А две Ульяны возьми, да засмейся! И громко так, весело, аж птахи малые с кустов прыснули!
– Танюша, глянь, никак спужались? Ой, умора!
– Улюшка, твоя правда, спужались. Не инако близных* еще не встречали.
Ероха взглянул на дружка да понял сей миг – свезло! Свезло так, как и представить не мог, уповать не смел! Подумалось, что бог дал больше, чем просил у него. А уж когда Проха шептать начал на ухо, так и навовсе уверился:
– Ерошка, глянь, у Татьянки-то родимое пятнышко на щеке. Красивое, будто слеза малая под глазом.
Ероха и задышал легшее. А как инако? Уленька уж дюже понравилась, а на слезу под глазом пущай Проха любуется. И так хорошо стало, так отрадно, что Ерофей принялся балагурить: девах насмешил, Проху до икоты довёл и сам едва не издох от смеха.
И то верно! К чему печалиться, ежели жизнь повернулась нарядным боком? Сколь ее дадено-то, чтоб рыдать да грустить? Смех-то всяко лучше слез.
Домой возвращались позднёхонько: дурные оба, счастливые. Вошли во двор хором Зотовских, прокрались меж терема малого и избы ратной, хотели уж нырнуть в темень сеней, да услышали голос Власия:
– Рябинка, ты почто из ложницы ушла? Знаешь ведь, не люблю, когда одного оставляешь. Глаза открыл, а тебя нет. – Такого-то голоса Ероха и не слыхал от боярина: ласковый, тихий, а промеж того и ревнивый.
– Власушка, ну что заполошился? В доме жарко, так я продышаться. Ты иди, иди, любый. Скоро я. – После тех слов Ероха и навовсе изумился: чтоб сама Елена Ефимовна, да вот так говорила? И любый, и Власушка…
– Гонишь меня? Рябинка, да что с тобой? Ты здорова ли? – А голос у Власа тревожный стал, аж зазвенел в темноте ночной.
– Здорова! И чего прилип?!– Ероха услыхал возню за углом хоромцев, а потом и смех боярыни. – Влас…Влас, удушишь… пусти, увидят… Здорова я, любый. Непраздна. Зимой, даст бог, разрешусь.
Проха, стоя за спиной друга, всхрюкнул и треснул Ерофея кулаком промеж лопаток, мол, вон оно как. А Ероха и не ответил, слушал, как Власий засвистал громко, будто подлеток, как засмеялся, как боярыня Елена укоряла его шутейно, ругалась и просила спустить с рук.

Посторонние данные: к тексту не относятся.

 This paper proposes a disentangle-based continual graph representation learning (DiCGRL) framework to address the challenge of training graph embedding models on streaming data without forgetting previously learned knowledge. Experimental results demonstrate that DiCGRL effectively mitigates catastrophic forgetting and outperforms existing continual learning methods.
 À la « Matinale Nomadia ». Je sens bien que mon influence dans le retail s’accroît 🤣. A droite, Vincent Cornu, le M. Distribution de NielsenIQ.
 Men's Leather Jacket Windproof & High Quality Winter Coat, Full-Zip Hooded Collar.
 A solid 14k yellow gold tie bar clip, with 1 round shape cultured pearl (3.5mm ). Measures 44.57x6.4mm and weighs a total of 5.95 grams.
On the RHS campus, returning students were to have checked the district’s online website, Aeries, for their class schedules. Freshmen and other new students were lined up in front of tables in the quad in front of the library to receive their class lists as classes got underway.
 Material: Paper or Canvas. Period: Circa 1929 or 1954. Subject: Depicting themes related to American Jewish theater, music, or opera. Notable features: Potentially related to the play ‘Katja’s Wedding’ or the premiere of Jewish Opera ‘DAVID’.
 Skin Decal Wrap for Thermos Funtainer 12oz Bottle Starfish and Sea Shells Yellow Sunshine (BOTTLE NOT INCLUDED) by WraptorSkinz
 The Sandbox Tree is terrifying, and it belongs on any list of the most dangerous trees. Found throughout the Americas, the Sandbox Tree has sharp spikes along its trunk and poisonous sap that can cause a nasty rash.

– Отпустить? Ну, нет, Рябинка. Я ж не дурень какой, чтоб счастье свое из рук выпускать. Однова уж выпустил, насилу вернул. Терпи теперь!

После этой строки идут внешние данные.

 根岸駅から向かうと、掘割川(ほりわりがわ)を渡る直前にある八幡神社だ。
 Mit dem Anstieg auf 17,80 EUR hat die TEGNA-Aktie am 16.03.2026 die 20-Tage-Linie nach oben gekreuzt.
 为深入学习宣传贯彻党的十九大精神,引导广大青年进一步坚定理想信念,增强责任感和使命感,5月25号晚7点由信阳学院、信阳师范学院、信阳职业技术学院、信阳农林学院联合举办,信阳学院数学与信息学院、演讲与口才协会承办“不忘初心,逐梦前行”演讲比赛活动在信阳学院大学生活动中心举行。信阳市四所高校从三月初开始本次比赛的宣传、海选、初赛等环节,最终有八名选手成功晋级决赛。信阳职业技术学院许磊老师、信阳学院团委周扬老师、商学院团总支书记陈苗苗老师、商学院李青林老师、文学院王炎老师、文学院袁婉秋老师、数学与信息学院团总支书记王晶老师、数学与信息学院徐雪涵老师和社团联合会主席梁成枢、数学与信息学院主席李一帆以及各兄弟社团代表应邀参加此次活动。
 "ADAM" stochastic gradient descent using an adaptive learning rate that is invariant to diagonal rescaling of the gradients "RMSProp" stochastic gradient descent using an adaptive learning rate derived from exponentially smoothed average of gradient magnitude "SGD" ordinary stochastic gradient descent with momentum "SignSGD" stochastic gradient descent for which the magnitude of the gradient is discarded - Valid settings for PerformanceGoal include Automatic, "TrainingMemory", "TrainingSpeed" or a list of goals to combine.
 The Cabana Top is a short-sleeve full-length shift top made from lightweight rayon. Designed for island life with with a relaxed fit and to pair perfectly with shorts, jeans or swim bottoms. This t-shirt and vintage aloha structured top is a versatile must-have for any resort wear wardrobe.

Проха хохотнул тихонько, глядя на то, как боряин несет на руках жену, будто юнец ошалевший, а Ероха задумался, высказал тихо:
– Вот что, Прошка, ты как хошь, а я поутру сватов зашлю к Пряхиным, Ульяну за себя стану просить. Прав Власька, упустишь, потом не вернешь. И что за жизня будет? Темень непролазная, да тоска. Жил один, один и умер, не оставил ничего, окромя сундука. Никто не вспомнит, никто свечки в церкви не поставит за упокой. Бог токмо указывает, на кого глядеть, а ужо твое дело – прихватить и не отпускать счастье свое. Что? Что лупишься, рыжий?

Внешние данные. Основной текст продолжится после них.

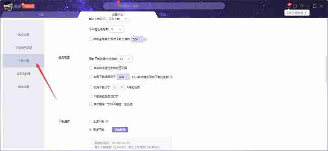 2、进入到新的窗口界面后,点击左侧栏中的"下载设置"选项。

– А чего ж не лупиться на родню будущую, а? – Проха хохотнул. – Я и сам сватов к Пряхиным пошлю за Татьянкой. И станем мы с тобой, Ерошка, свояки. Чаю, к сентябрю и свадьбы справим, ежели отлупа не получим.
– Ништо, не боись. Отлупа принимать не станем. Нас в дверь погонят, а мы в окно полезем. Сдюжим! Одна беда – любоваться до конца дней рожей твоей ехидной, – Ероха хлопнул дружка по плечу. – Ладно, видал я кой-чего и похуже.
Посмеялись малое время и полезли в ратную избу ночевать, оставили за спиной светлую майскую ночь, а вместе с ней и печаль дневную, что так отрадно сменилась надеждой, засиявшей обоим опричь небольшого подворья десятника Пряхина.